» **The problem**
Would you retype the whole listing exactly, leaving its pictures out?

» **Data segment**
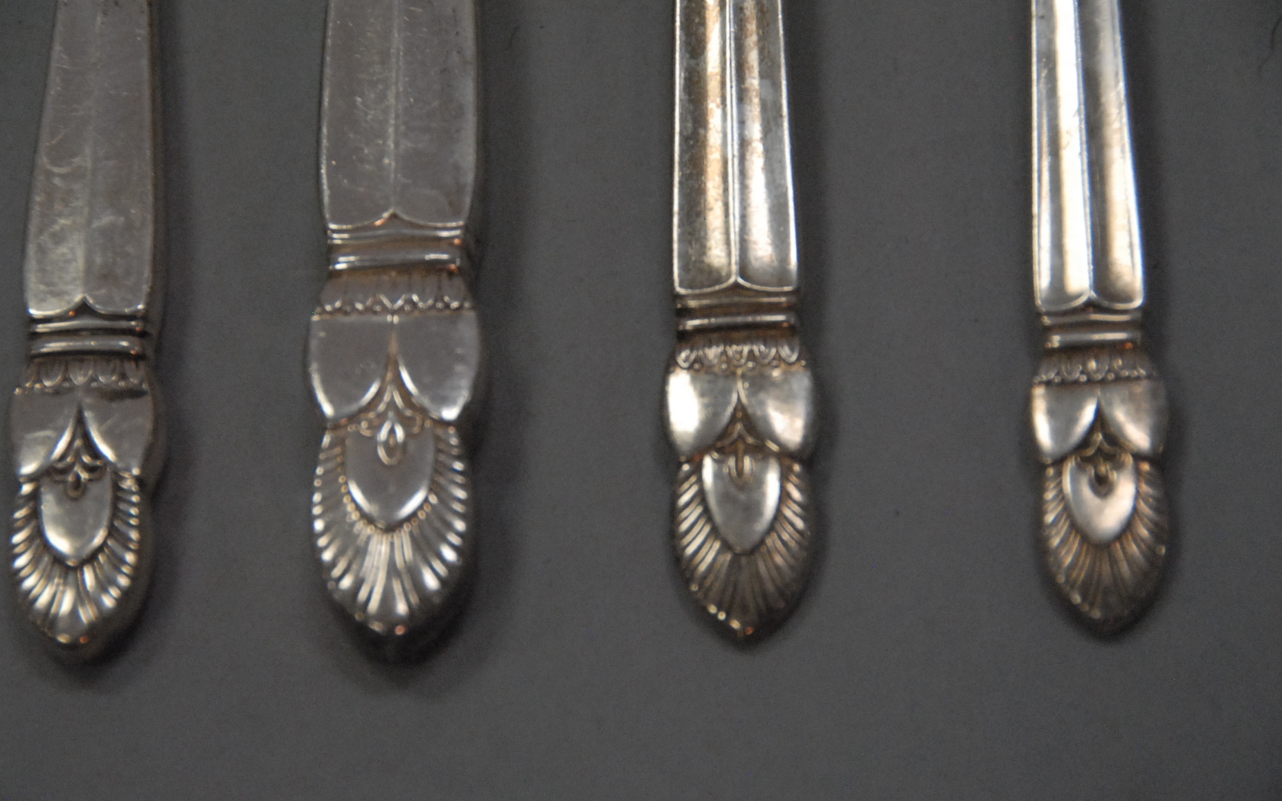 Sterling silver flatware set, setting for twelve including 12 dinner forks, 11 luncheon forks, 12 soup spoons, 19 teaspoons, 12 butter knives, 12 dinner knives. 98.2 t oz. plus 12 handles. total approximate 106 t oz.
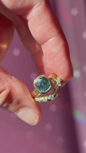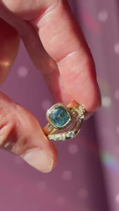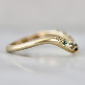 An understated curve with serious gravitational pull. Orbit wraps your finger in a soft arc of 14k yellow gold, scattered with a mixed of blue toned round cut sapphires - like tiny satellites caught mid-spin. Each stone is placed with just enough asymmetry to feel effortless, and plays well with others but stands strong on its own. Whether you're stacking or solo styling, Orbit will always finds its center. Limited Edition, there is only one.
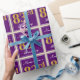 This simple and elegant wrapping paper design features a personalized message like "Name-Here’s 83rd Birthday" (with the "83rd" having a faux/imitation gold-like coloring look) within a purple-colored square area featuring a simple border outline. The name is in an elegant white-colored script-like text, and can be customized. Wrapping paper like this could perhaps be used when wrapping birthday gifts for somebody who is celebrating their eighty third birthday. [~Z0000220]
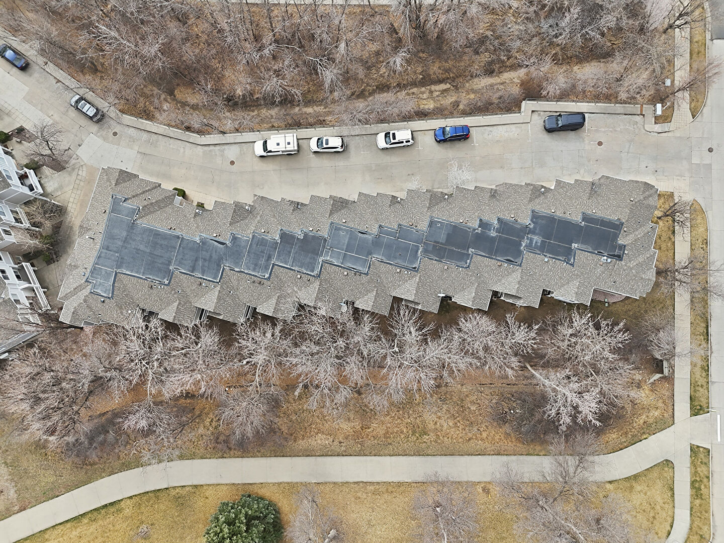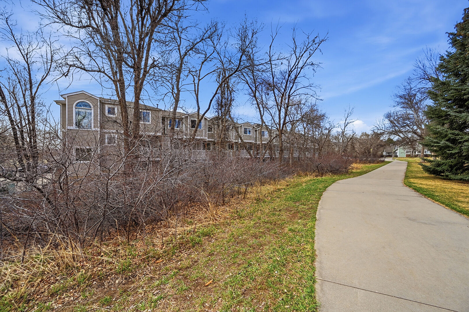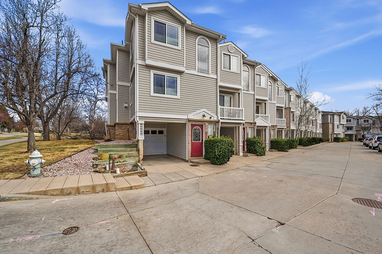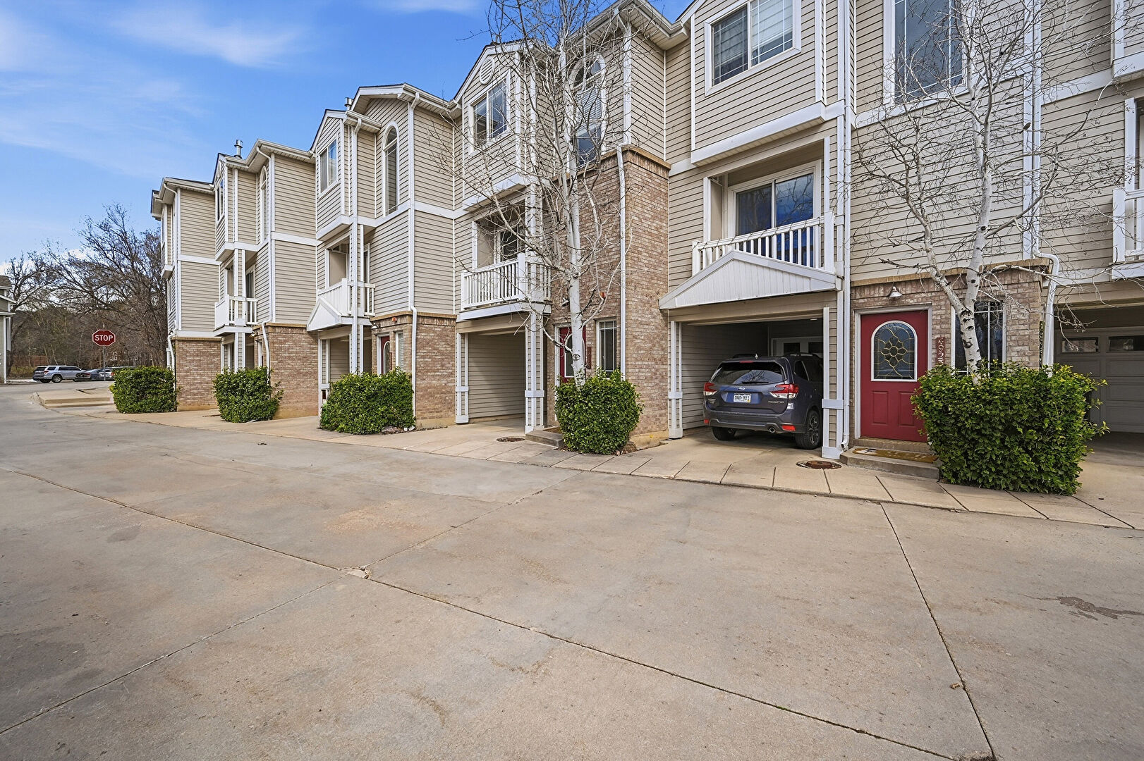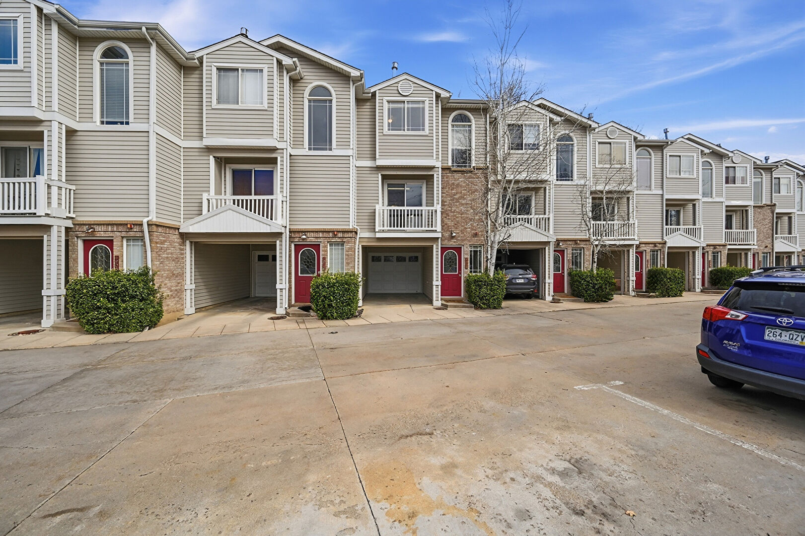 Apartment Complex View, Brick Siding, Built In Garage, Driveway, Gutters, Horizontal Siding, Residential View, Built In Garage, Downspout, Garage

» **Output below**
 Sterling silver flatware set, setting for twelve including 12 dinner forks, 11 luncheon forks, 12 soup spoons, 19 teaspoons, 12 butter knives, 12 dinner knives. 98.2 t oz. plus 12 handles. total approximate 106 t oz.
 An understated curve with serious gravitational pull. Orbit wraps your finger in a soft arc of 14k yellow gold, scattered with a mixed of blue toned round cut sapphires - like tiny satellites caught mid-spin. Each stone is placed with just enough asymmetry to feel effortless, and plays well with others but stands strong on its own. Whether you're stacking or solo styling, Orbit will always finds its center. Limited Edition, there is only one.
 This simple and elegant wrapping paper design features a personalized message like "Name-Here’s 83rd Birthday" (with the "83rd" having a faux/imitation gold-like coloring look) within a purple-colored square area featuring a simple border outline. The name is in an elegant white-colored script-like text, and can be customized. Wrapping paper like this could perhaps be used when wrapping birthday gifts for somebody who is celebrating their eighty third birthday. [~Z0000220]
 Apartment Complex View, Brick Siding, Built In Garage, Driveway, Gutters, Horizontal Siding, Residential View, Built In Garage, Downspout, Garage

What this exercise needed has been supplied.